(Task): Nothing but the lines below from the one containing "Zwart-witte pianokleutels op" through the one containing "ทางหลวงปลอดภัยขับขี่สบายตา แขวงทางหลวงลพบุรีที่ 1" should appear in the answer, exact and without pictures.

(Records for processing):

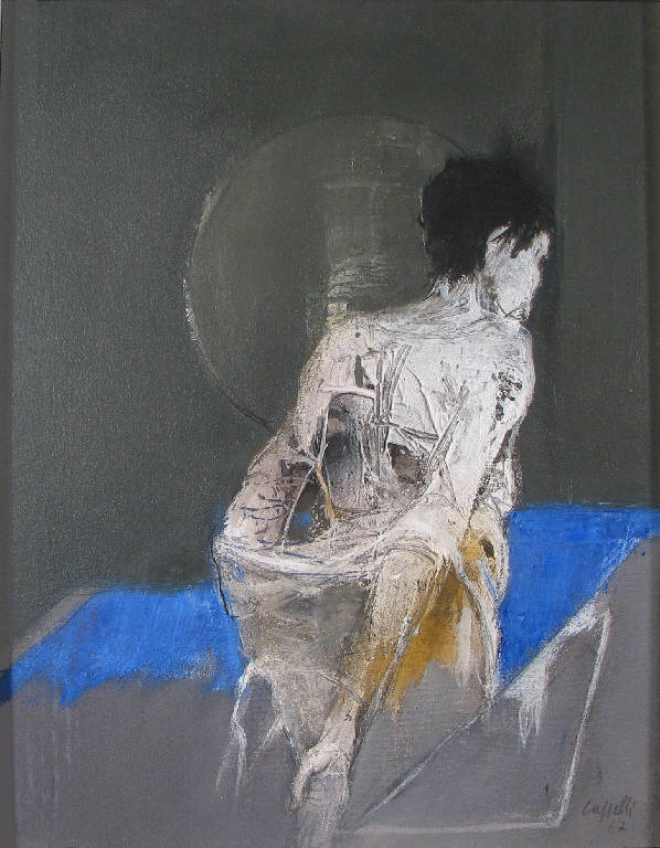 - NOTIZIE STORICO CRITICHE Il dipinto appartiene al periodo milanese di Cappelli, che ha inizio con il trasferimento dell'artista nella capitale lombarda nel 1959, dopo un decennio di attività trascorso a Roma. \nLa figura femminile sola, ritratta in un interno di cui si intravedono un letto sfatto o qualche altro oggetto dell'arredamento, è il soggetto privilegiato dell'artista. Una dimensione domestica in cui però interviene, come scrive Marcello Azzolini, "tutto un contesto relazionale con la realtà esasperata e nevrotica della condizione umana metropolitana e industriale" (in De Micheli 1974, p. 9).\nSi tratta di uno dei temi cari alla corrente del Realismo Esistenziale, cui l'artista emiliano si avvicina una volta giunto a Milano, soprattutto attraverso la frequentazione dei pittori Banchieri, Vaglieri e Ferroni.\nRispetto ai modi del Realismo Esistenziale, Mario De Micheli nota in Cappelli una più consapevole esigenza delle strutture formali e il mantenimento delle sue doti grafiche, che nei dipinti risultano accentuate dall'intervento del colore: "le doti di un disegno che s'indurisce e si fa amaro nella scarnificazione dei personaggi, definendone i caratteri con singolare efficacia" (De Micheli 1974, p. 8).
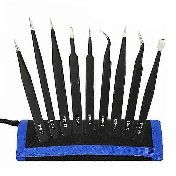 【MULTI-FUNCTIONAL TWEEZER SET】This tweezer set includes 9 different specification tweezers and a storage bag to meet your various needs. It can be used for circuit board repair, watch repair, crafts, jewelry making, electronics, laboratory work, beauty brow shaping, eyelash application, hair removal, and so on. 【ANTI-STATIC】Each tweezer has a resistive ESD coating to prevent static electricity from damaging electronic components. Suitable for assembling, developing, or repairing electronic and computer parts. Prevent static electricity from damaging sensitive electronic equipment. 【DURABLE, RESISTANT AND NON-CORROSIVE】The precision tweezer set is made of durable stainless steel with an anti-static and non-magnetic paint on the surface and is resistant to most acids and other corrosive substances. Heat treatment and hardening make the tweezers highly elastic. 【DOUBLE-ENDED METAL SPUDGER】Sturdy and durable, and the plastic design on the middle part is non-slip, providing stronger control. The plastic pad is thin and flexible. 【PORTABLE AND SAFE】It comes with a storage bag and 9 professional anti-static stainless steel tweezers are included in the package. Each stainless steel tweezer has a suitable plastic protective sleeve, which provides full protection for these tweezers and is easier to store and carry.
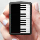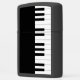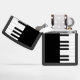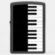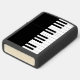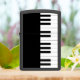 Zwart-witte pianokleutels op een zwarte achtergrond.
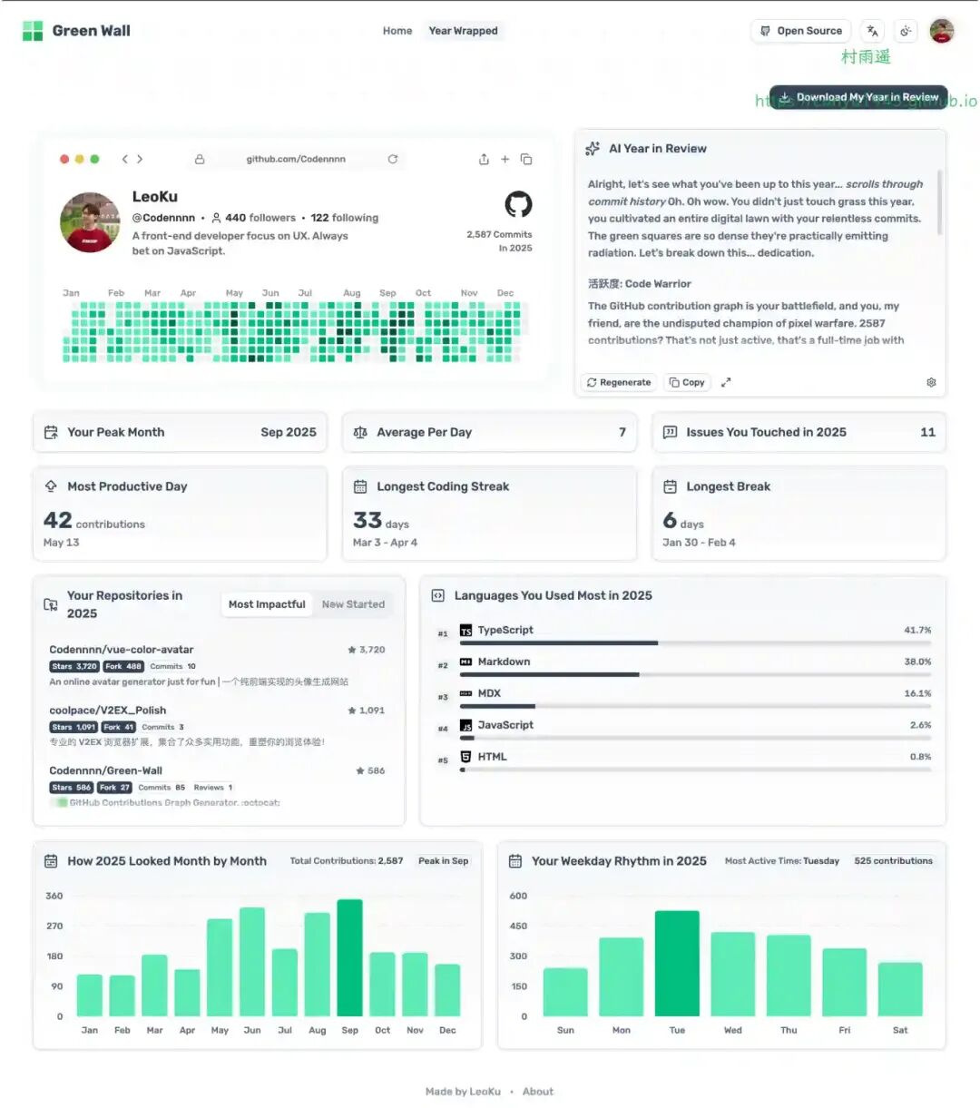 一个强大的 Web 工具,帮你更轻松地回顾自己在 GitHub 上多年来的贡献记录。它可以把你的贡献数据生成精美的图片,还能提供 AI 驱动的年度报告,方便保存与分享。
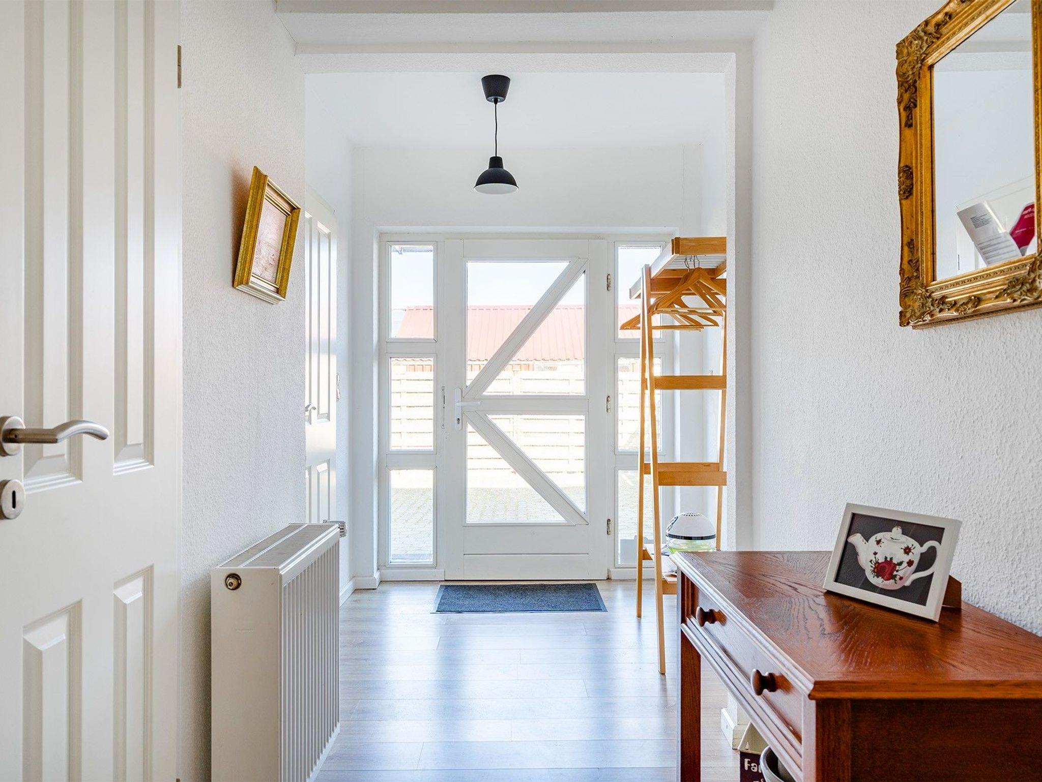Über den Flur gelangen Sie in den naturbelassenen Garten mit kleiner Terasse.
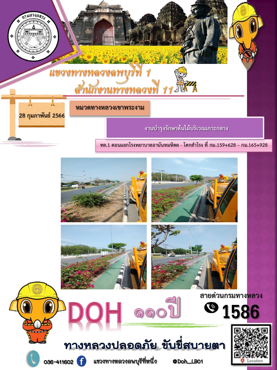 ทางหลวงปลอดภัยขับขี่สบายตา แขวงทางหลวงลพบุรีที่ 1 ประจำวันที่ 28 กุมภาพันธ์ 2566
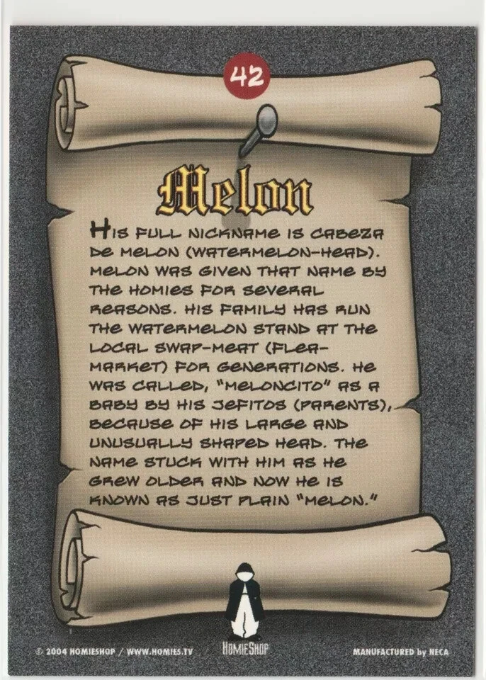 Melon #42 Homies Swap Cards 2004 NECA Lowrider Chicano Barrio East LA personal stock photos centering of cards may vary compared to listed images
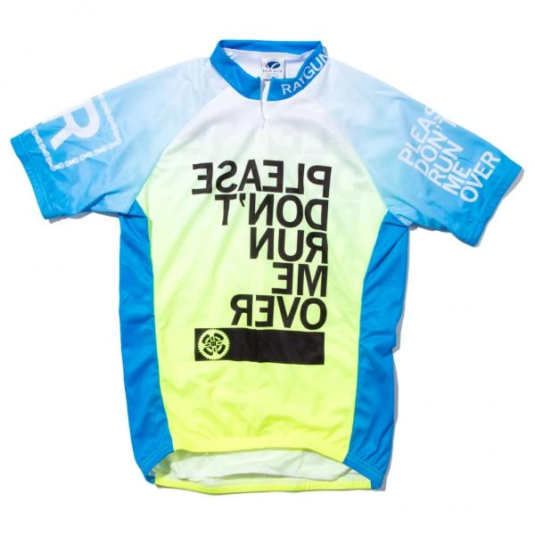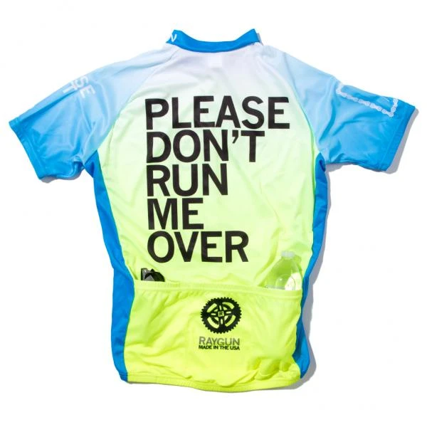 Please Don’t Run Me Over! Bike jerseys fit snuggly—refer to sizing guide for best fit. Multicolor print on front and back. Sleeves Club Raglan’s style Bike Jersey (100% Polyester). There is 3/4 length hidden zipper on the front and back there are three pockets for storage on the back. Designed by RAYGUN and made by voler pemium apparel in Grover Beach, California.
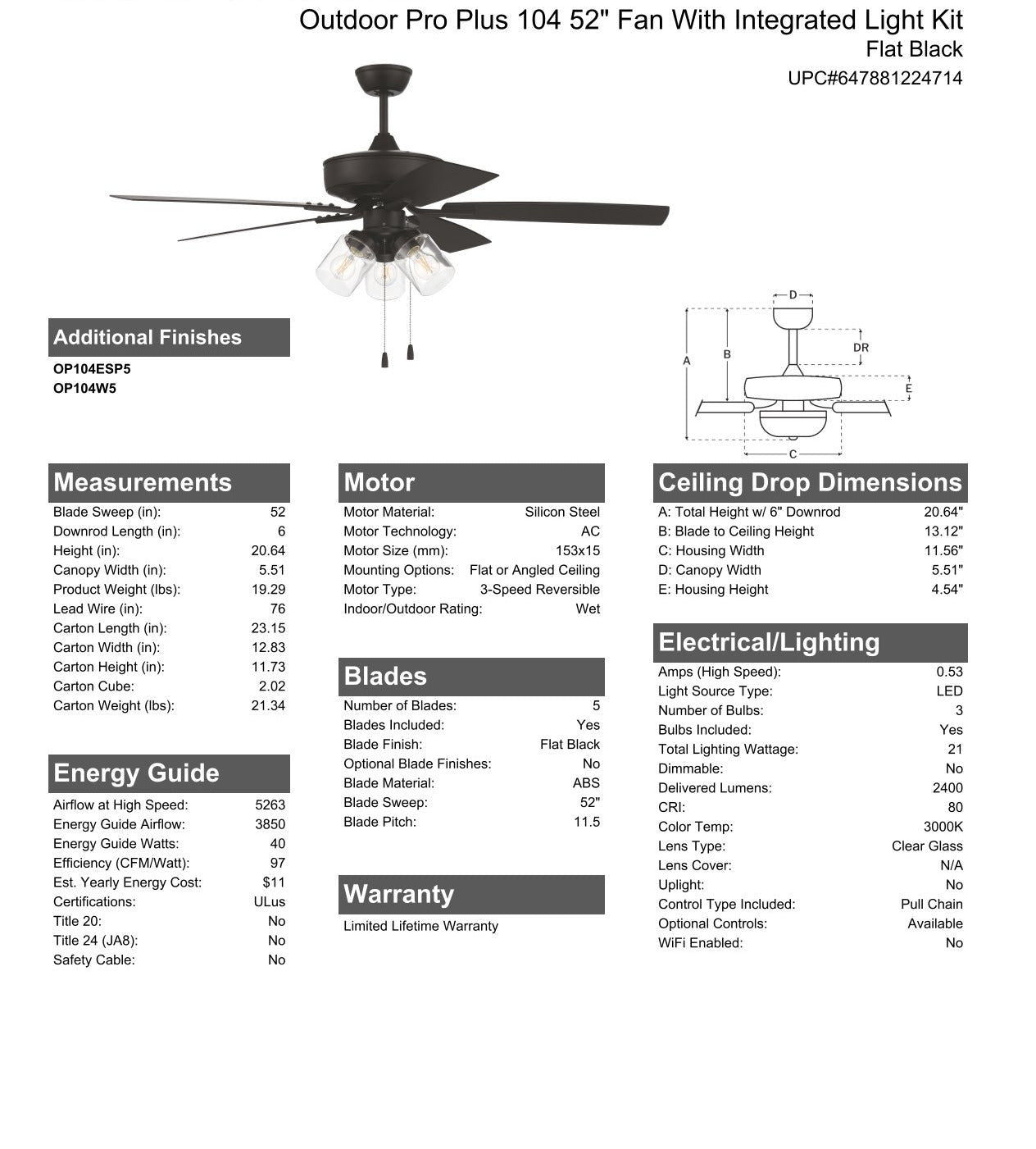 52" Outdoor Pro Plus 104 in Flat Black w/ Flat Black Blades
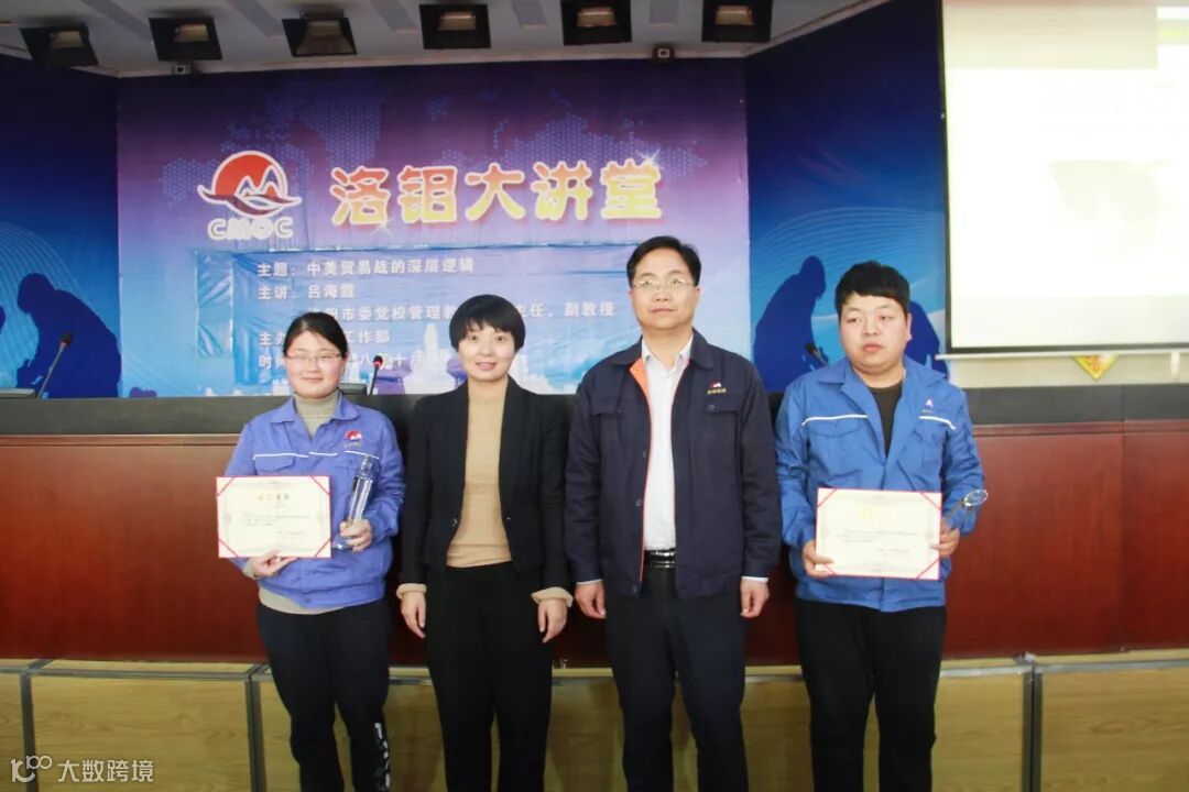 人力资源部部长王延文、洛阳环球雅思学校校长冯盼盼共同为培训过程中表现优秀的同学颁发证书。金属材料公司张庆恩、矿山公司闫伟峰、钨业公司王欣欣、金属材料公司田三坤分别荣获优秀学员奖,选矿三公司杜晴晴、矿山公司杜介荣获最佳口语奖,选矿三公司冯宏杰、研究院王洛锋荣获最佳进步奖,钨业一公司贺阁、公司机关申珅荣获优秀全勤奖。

(Answer for the task):
 Zwart-witte pianokleutels op een zwarte achtergrond.
 一个强大的 Web 工具,帮你更轻松地回顾自己在 GitHub 上多年来的贡献记录。它可以把你的贡献数据生成精美的图片,还能提供 AI 驱动的年度报告,方便保存与分享。
Über den Flur gelangen Sie in den naturbelassenen Garten mit kleiner Terasse.
 ทางหลวงปลอดภัยขับขี่สบายตา แขวงทางหลวงลพบุรีที่ 1 ประจำวันที่ 28 กุมภาพันธ์ 2566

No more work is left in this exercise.